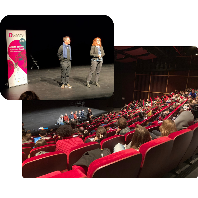 - [Retour sur] Séminaire Secondaire / supérieur - Arts et Sciences, savoirs, croyances et désinformation21 janvier 2026Le mercredi 21 janvier 2026, des enseignant·es du secondaire et du supérieur venant de toute la région Centre-Val de Loire se sont réuni·es à Tours, pour une journée consacrée aux liens entre savoirs, croyances et mécanismes de désinformation. Pensée comme un temps de rencontre, la journée a articulé une expérience artistique partagée le matin et des échanges de pratiques l’après-midi, afin d’explorer ce que produisent les démarches qui mobilisent arts, sciences et recherche.Organisé dans le cadre du label SAPS TEEPEE, l’événement était co-organisé avec le Rectorat et le soutien du Centre Dramatique National (CDN) de Tours. La matinée s’est tenue Salle Thélème, avant un déplacement à l’Atelier des projets pour la seconde partie de la journée.
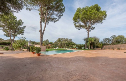 Dream villa of 477m² for 8 persons on a plot of 7525m², 4 double bedrooms, 5 bathrooms (1 with jacuzzi bath), air conditioning, free Wifi, garden, swimming pool, barbecue and several relaxation areas, with a spacious dining room with open plan kitchen and a modern and refined style, close to Sant Jordi in Mallorca.
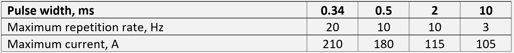 ** Calculated for standard operation mode: pulse duration 0.5 ms, repetition rate 10 Hz, current 180 A
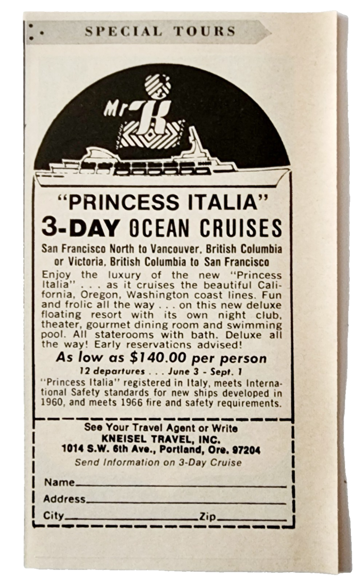 1969 Princess Italia Ocean Cruise Advertisement PAC NW Canada Vintage G2B
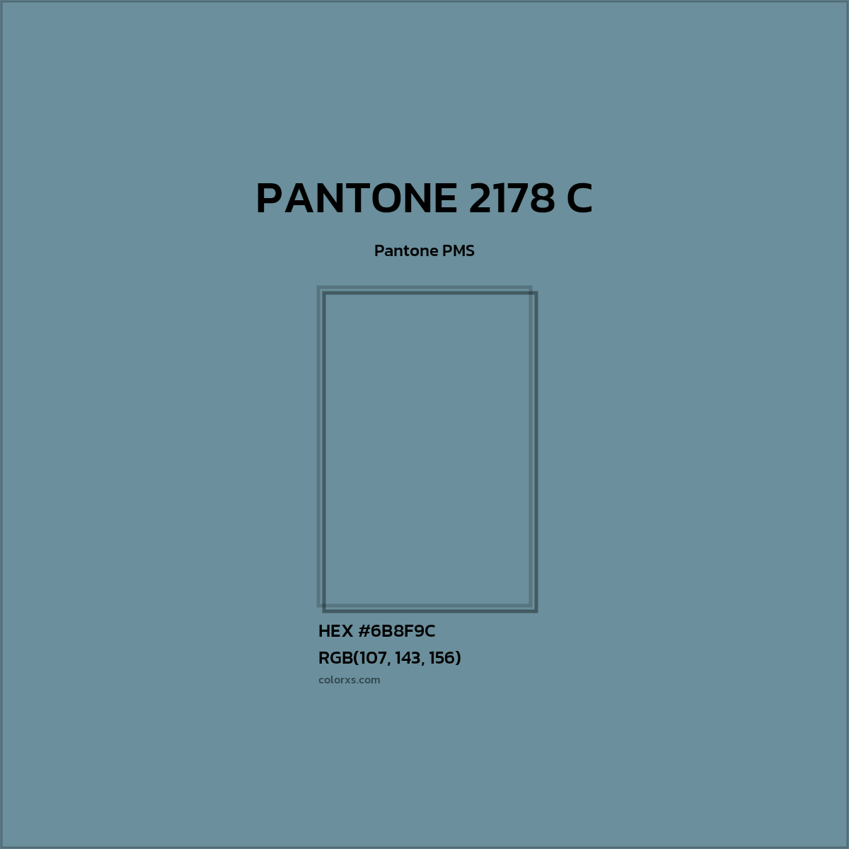 The hexadecimal color code(color number) for PANTONE 2178 C is #6B8F9C, and the RGB color code is RGB(107, 143, 156).
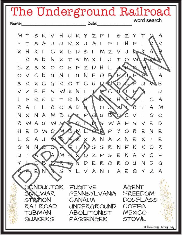 The Underground Railroad Activities Crossword Puzzle and Word Search
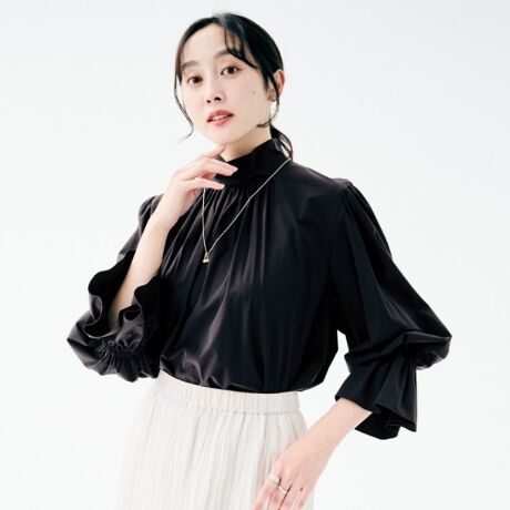 取り外しのボウタイが付いたブラウスは、身頃と袖にたっぷりとギャザーを施したデザイン。
++++++++++
## HOW TO COMPLETE THIS TASK:
For the entries above, return an exact copy that omits the images.

## TASK RESULT:
 - [Retour sur] Séminaire Secondaire / supérieur - Arts et Sciences, savoirs, croyances et désinformation21 janvier 2026Le mercredi 21 janvier 2026, des enseignant·es du secondaire et du supérieur venant de toute la région Centre-Val de Loire se sont réuni·es à Tours, pour une journée consacrée aux liens entre savoirs, croyances et mécanismes de désinformation. Pensée comme un temps de rencontre, la journée a articulé une expérience artistique partagée le matin et des échanges de pratiques l’après-midi, afin d’explorer ce que produisent les démarches qui mobilisent arts, sciences et recherche.Organisé dans le cadre du label SAPS TEEPEE, l’événement était co-organisé avec le Rectorat et le soutien du Centre Dramatique National (CDN) de Tours. La matinée s’est tenue Salle Thélème, avant un déplacement à l’Atelier des projets pour la seconde partie de la journée.
 Dream villa of 477m² for 8 persons on a plot of 7525m², 4 double bedrooms, 5 bathrooms (1 with jacuzzi bath), air conditioning, free Wifi, garden, swimming pool, barbecue and several relaxation areas, with a spacious dining room with open plan kitchen and a modern and refined style, close to Sant Jordi in Mallorca.
 ** Calculated for standard operation mode: pulse duration 0.5 ms, repetition rate 10 Hz, current 180 A
 1969 Princess Italia Ocean Cruise Advertisement PAC NW Canada Vintage G2B
 The hexadecimal color code(color number) for PANTONE 2178 C is #6B8F9C, and the RGB color code is RGB(107, 143, 156).
 The Underground Railroad Activities Crossword Puzzle and Word Search
 取り外しのボウタイが付いたブラウスは、身頃と袖にたっぷりとギャザーを施したデザイン。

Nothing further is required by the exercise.